FIGS. 2 and 3, illustrate an exemplary embodiment of the specialized image captured device (“ICD”) of this invention, which is designated generally as reference numeral 100. Ideally, ICD 100 and information system 200 are intended for use in wildlife management, but may be adapted for use in other applications to generate improved object inference data for any object of interest. ICD 100 is used as an image and depth data capture component and forms part of information system 200. ICD 100 is a specialized self-powered, weather proof, portable unit designed to be placed remotely in a scene of interest, i.e. a field or wooded area where animals will be observed. ICD 100 is used in conjunction with AI machine learning model 230 to generate improved object inference data for an object of interest, ideally an animal, within a remote location. Image capture device (“ICD”) 100 captures and integrates both RGB/IR images 300 and depth data in the form of LiDAR (“ToF”) images 310 into an enhanced image of objects of interest 330. In certain embodiments, ICD 100 may include an internal AI model to analyzes the enhanced images 330 and generate an AI object inference data set 350 for the object of interest.

As shown in FIGS. 2 and 3, ICD 100 is a specialized self-powered, weather proof, portable unit designed to be placed remotely in a scene of interest, i.e. a field or wooded area where animals will be observed. ICD 100 captures both RGB/IR images 300 and time-of-flight images 310 for an object of interest 10, i.e., an animal, from a scene of interest. ICD 100 includes a weather proof exterior housing 210 that encloses the internal electronics, circuit boards and sensor modules. ICD 100 is generally powered by its own internal batteries (not shown) and includes a recharging port 112. ICD 100 includes various I/O connectors, such as USB ports 115, a network port 116, which allow the ICD 100 to be connected directly to other devices, such as laptops 240 and smart phones 250. ICD 100 also includes integrated wifi and/or cellular communication components and circuitry (not shown) for sending and receiving wireless data signals between ICD 100 and system 200. In other embodiments, ICD 100 may incorporate removable data storage, such as flash drives, for storing and transferring image data between ICD 100 and information system 200.

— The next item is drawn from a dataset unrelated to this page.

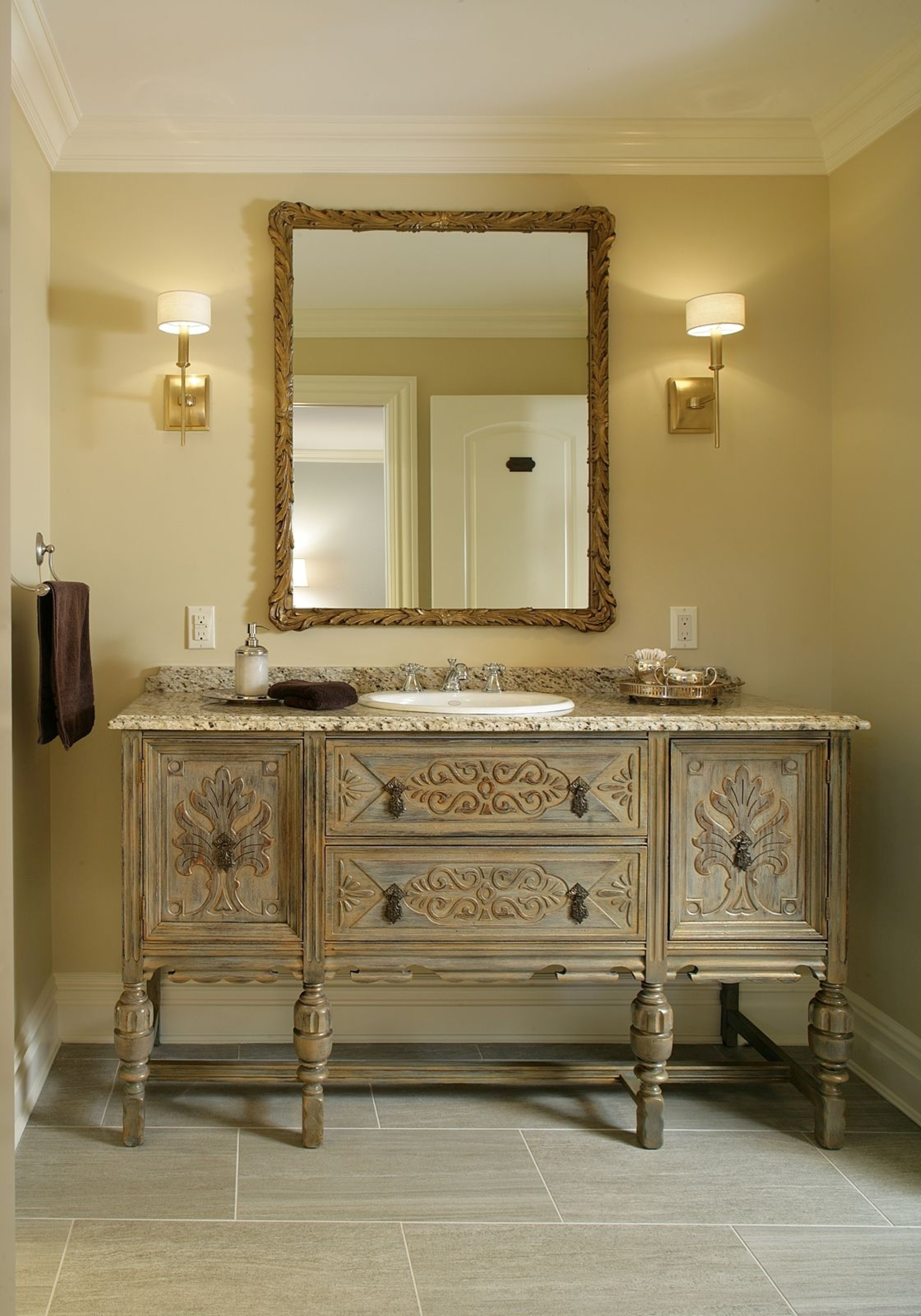 From acanthus carvings to softened finishes, this vanity anchors the room with quiet heritage and curated craftsmanship

Functionally, ICD 100 includes a RGB/IR camera module 120 and a depth data module 130, and passive inferred sensor (PIR) 140, a central processing unit 150, an internal clock 160, a GPS module 170 and an internal image generator 180. Central processing unit (“CPU”) 150 is used to control the various functions and components of ICD 100. CPU 150 generally takes the form of a programmable single-board computer, such as a Raspberry Pi, developed by the Raspberry Pi Foundation. Clock 160 is generally integrated directly into CPU 150 and is used to generate timestamp data associated with the images and data captured by RGB/IR camera module 120, LiDar module 130 and GPS module 170. GPS module 170 is a conventional GPS component integrated into the electronics of ICD 100. GPS module 170 captures various geo-spatial data about ICD 100 and object of interest 10. PIR Sensor 140 is a conventional passive infrared detection component integrated into the electronics of ICD 100, used to detect an object of interest in the proximity to ICD 100.

RGB/IR camera module 120 is a conventional camera component integrated into the electronics of ICD 100. RGB/IR camera module 120 is used to capture an RGB/IR image 300 of object of interest 10. RGB/IR camera module 120 is a high-resolution digital camera of conventional design and function. Preferably RGB/IR camera module 120 has the capability of capturing both RGB and infrared images.

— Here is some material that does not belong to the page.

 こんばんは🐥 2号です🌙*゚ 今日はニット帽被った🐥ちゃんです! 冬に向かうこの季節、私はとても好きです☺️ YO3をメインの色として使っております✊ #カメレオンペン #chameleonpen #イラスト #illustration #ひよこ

Depth data module 130 generally takes the form of a LIDAR sensor that measures the time delay of the emitted IR pulses and generates a depth data (ToF) image 310 reflecting the depth information of the object of interest from the scene or interest. Each pixel in depth data (ToF) image 310 corresponds to a specific point in the scene. The LIDAR sensor calculates the distance to that point by measuring the time it takes for the emitted light to reflect back. The distance data is then converted into a depth value for the depth data (ToF) image 310. Alternative embodiments of the depth data module 130 may take the form of a Time-of-Flight component that uses pulsed laser light to measure variable distances and velocities based on time of pulse return, which can be used to create 3D images and models.

Image generator 180 is a hardware/software module integrated into the electronics of ICD 100 that synchronizes RGB/IR image 300 and depth data (ToF) image 310 based on timestamps generated from clock 160, maps depth data (ToF) image 310 onto RGB/IR image 300 into a separate overlay image 320, and embeds geo-spatial data from GPS module 170 into an enhanced image 330. Image generator 180 hosts a data fusion algorithm that aligns and integrates the depth map of depth data (ToF) image 310 with the RGB or infrared image of RGB/IR image 300. In certain embodiments of ICD 100 and information 200, the image generator may be hosted within information system 200 independently from ICD 100 to conserve power, storage and internal space within the ICD.

Process Steps

FIG. 5 depicts an exemplary process set of steps (designated generally as reference numeral 400) for creating the capturing and generating the enhanced object inference data using information system 200 and ICD 100 of this invention. The process begins by detecting or identifying an object of interest within a scene of interest—Step 410.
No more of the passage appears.